STORED DATA >>
□ □ □ □ □

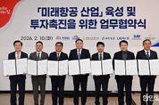 한민일보 서울포커스 박덕환 기자 | 대한민국 미래항공산업 핵심 거점으로 비상 채비를 서두르고 있는 충남 태안 천수만에 항공·방산·우주 분야 글로벌 기업들이 응원군으로 떴다. 김태흠 지사는 10일 태안문화예술회관에서 성일종 국회의원, 이정석 국방과학연구소 부소장, 대한항공·LIG넥스원·한국항공우주산업(KAI)·한화에어로스페이스 등 4개 참여 기업 관계자가 참석한 가운데 미래항공 산업 육성 및 투자 촉진을 위한 업무협약을 체결했다 이번 협약은 태안 천수만 B지구 일원에 건립 추진 중인 국방미래항공연구센터 연계 기업 지원 인프라를 토대로, 미래항공산업 전략적 거점을 육성하고, 지역 신성장동력 창출을 위해 상호 협력하기 위해 맺었다. 협약 기관 및 기업은 우선 △국방미래항공연구센터 등 연구 및 기업 지원 인프라 조성 △중앙·지방정부 및 기업의 원활한 사업 추진을 위한 각종 협력 △공공·민간 투자 예산 확보 등에 힘을 모으기로 했다. 이와 함께 도는 국방미래항공연구센터 연계 특화산업단지 조성, 교통 등 정주여건 개선 및 안정적인 용수·전력 공급 등 기업 유치 기반 구축, 기업 투자 활동에 대한 행·재정적 지원에 나선다.
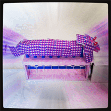 Later Lola realized that in order to watch her dreams that she recorded in the camera she needed another device. She invented the Eye – TV. An artifact that feeds wirelessly from the camera and plays all the pictures as a movie. The screen is very particular. It shoes a roll with all the pictures collaged. The experience of the narrative is surreal and non-linear.
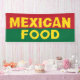 Banner mexicano de comida para vendedor de camiones de comida, festival de comida o letrero de restaurante con los tradicionales colores rojo y verde con brillantes letras amarillas para obtener un diseño brillante.

□ □ □ □ □

The answer should contain nothing but the lines from the top of the data above through the line containing "Later Lola realized", copied exactly, with no images.

OUTPUT >>
 한민일보 서울포커스 박덕환 기자 | 대한민국 미래항공산업 핵심 거점으로 비상 채비를 서두르고 있는 충남 태안 천수만에 항공·방산·우주 분야 글로벌 기업들이 응원군으로 떴다. 김태흠 지사는 10일 태안문화예술회관에서 성일종 국회의원, 이정석 국방과학연구소 부소장, 대한항공·LIG넥스원·한국항공우주산업(KAI)·한화에어로스페이스 등 4개 참여 기업 관계자가 참석한 가운데 미래항공 산업 육성 및 투자 촉진을 위한 업무협약을 체결했다 이번 협약은 태안 천수만 B지구 일원에 건립 추진 중인 국방미래항공연구센터 연계 기업 지원 인프라를 토대로, 미래항공산업 전략적 거점을 육성하고, 지역 신성장동력 창출을 위해 상호 협력하기 위해 맺었다. 협약 기관 및 기업은 우선 △국방미래항공연구센터 등 연구 및 기업 지원 인프라 조성 △중앙·지방정부 및 기업의 원활한 사업 추진을 위한 각종 협력 △공공·민간 투자 예산 확보 등에 힘을 모으기로 했다. 이와 함께 도는 국방미래항공연구센터 연계 특화산업단지 조성, 교통 등 정주여건 개선 및 안정적인 용수·전력 공급 등 기업 유치 기반 구축, 기업 투자 활동에 대한 행·재정적 지원에 나선다.
 Later Lola realized that in order to watch her dreams that she recorded in the camera she needed another device. She invented the Eye – TV. An artifact that feeds wirelessly from the camera and plays all the pictures as a movie. The screen is very particular. It shoes a roll with all the pictures collaged. The experience of the narrative is surreal and non-linear.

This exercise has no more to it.